Finally, we get to see some action from our Lords of the Diamond tomorrow as spring training gets rolling. Not that we haven't gotten some already from our peeks at the goofy practices, but after all the off-season antics we're ready for some competition. So here are the top reasons you should be pumped to pull yourself away from college hockey and delve back into the season that truly never ends ...
10. What else are your grandparents who live in Florida going to do? Shuffleboard?
9. In one practice, David Wells will cover first on a ground ball more than he will all season. Earn your money, Boomaahh!!
8. You'll get to hear the annual "Ken Griffey Jr. is healthier than ever this year!" Sure he is.
7. Now another city besides Boston will have to worry about how to pronounce Mientkiewicz, let alone spell it.
6. Sosa's in Baltimore, Pedro's a Met, Bonds might have to lay off the "special cream" for good ... it's a whole new game this season.
5. You'll get one last peek at Millar pre-Queer Eye. Some of you may have grown attached to the small animal that nested on his face last season, but now that he has his ring, we wouldn't mind a little less cowboy.
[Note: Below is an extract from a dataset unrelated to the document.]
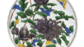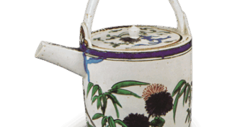 これらはほぼ同形の長方の銚子で、一時期に好んでつくられたものと推測されます。色絵牡丹文銚子は胴に籬に牡丹の図をあらわし、背に菊座の口部をもうけて菊形の蓋をつけ、口部を中心に唐草を描いています。

4. Come on, don't you miss Tim McCarver? Just a little bit?
3. Without the NHL to supply some good, old-fashioned sports violence, things have been a little dull. But give the verbal war a few more weeks, and "Brandon" Arroyo might just be ready to throw high and inside to Alex "Deadbeat Dad" Rodriguez. Who knows, maybe A-Rod has had time to perfect his slapping technique during the offseason.
2. We all know baseball has moments when it's less than stimulating, but now you can amuse yourself by playing "spot the player who's shrunk." Thanks, Jose Canseco!
1. March 7 -- the first Sox-Yankees matchup. Now that the Yankees have the Big Unit and a reason to be bitter back at Boston fans, the Sox-Yankees rivalry will be even more intense (if that's possible).